What the task requires: Copy each line of the records exactly, stopping only after the line that contains "UNDER ARMOUR Womens" has been written, and leave pictures out.

Segment Start: Data extracts

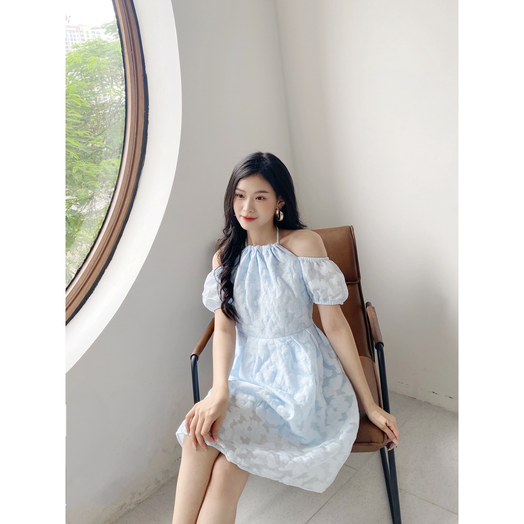 Giới thiệu YU CHERRY | Đầm cổ yếm nữ thêu họa tiết đám mây, tay phồng, Momo Yem Dress YD159
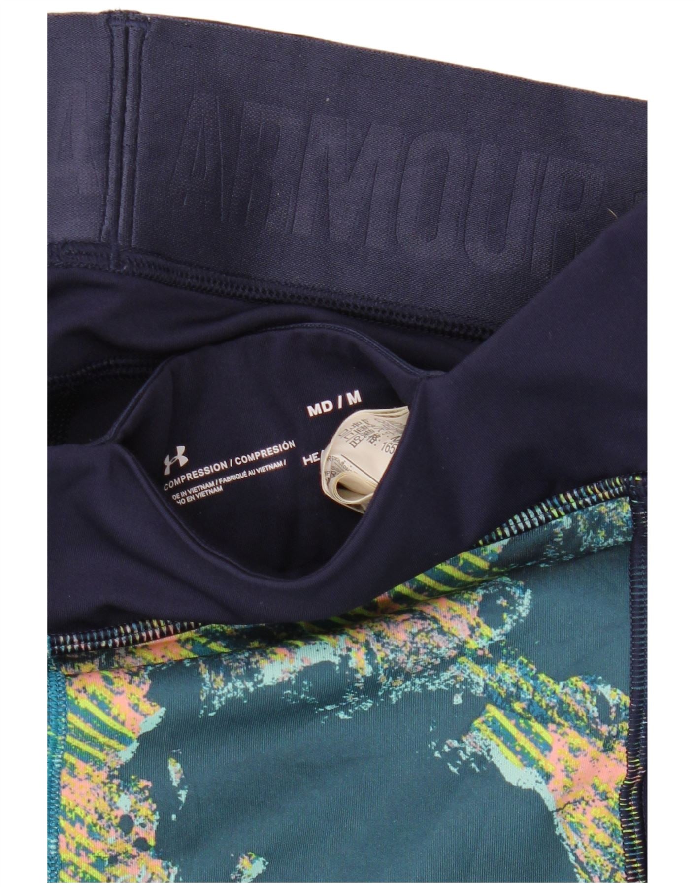 UNDER ARMOUR Womens Abstract Pattern Leggings UK 12 Medium Navy Blue
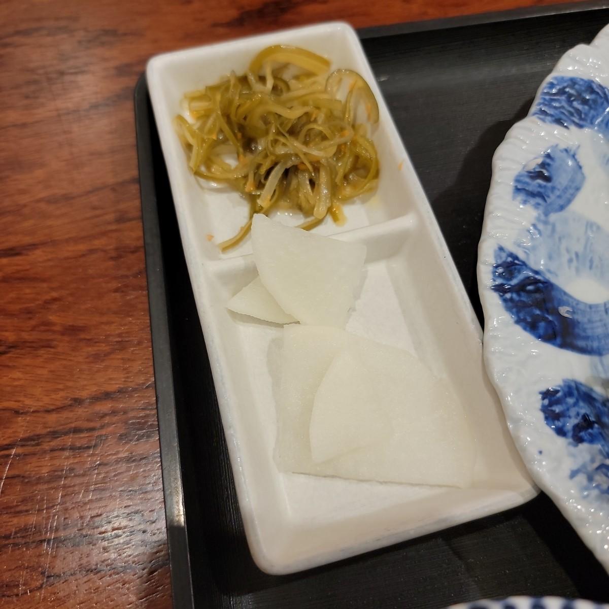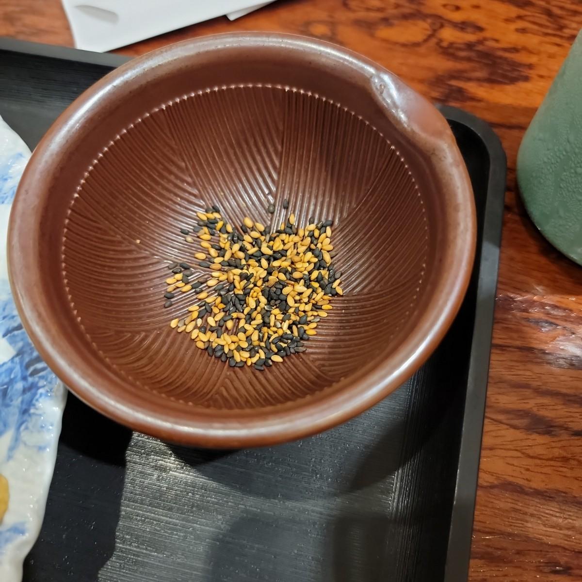 主食の肉は大体6つの小さな塊に切られており、一緒に高麗菜絲とスライスしたレモンが提供されます。また、すり鉢の中にはいくつかのごまがあり、すり潰してソースに加えて本格的な日本の豚カツの楽しみ方を体験できます。金色のサクサクの皮を噛むと、中の豚肉は非常に柔らかく、弾力があります。まず高麗菜絲を食べてから豚カツを食べると、油っこさを抑えることができ、しつこくありません。小菜の昆布芽と大根のスライスも非常にさっぱりしています;味噌汁には鶏肉も入っていて、とても美味しかったです。越光米はお米の王様にふさわしく、つい四杯もおかわりしてしまいました。
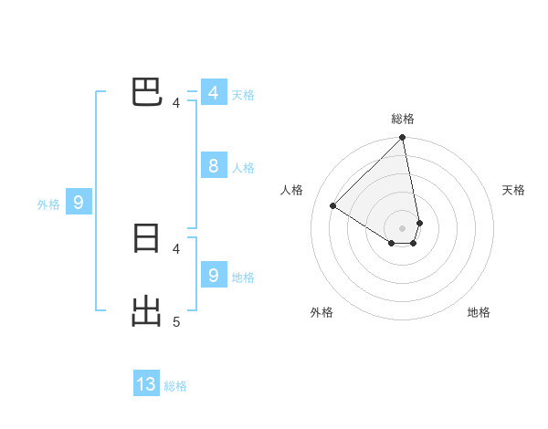 巴 日出さんの総格は13画の5点!
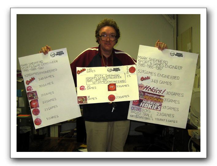 During Mark's time at WJMA, he worked over 500 broadcasts. Mark says after some recalculation, his sign is wrong. It should be 510 games.
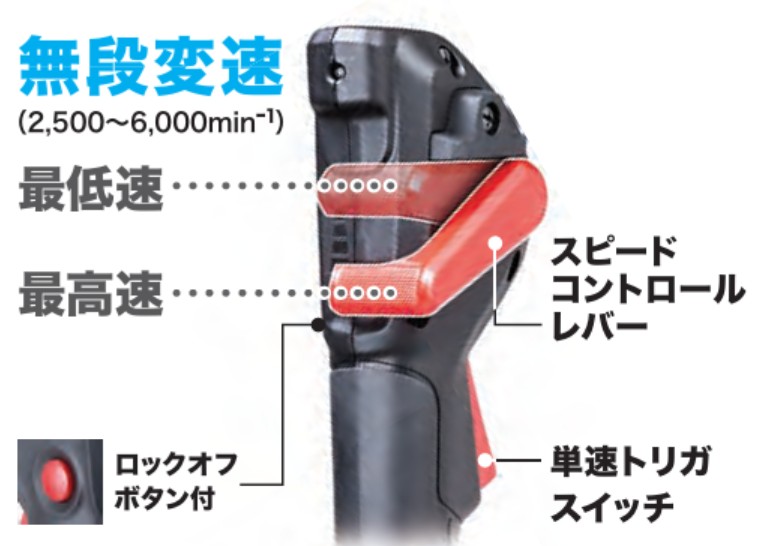 「新」スピードコントロールレバー採用により、手元を見ることなく「直感的に」速度調整を可能にします。

Segment End: Data extracts

Exercise solution:
 Giới thiệu YU CHERRY | Đầm cổ yếm nữ thêu họa tiết đám mây, tay phồng, Momo Yem Dress YD159
 UNDER ARMOUR Womens Abstract Pattern Leggings UK 12 Medium Navy Blue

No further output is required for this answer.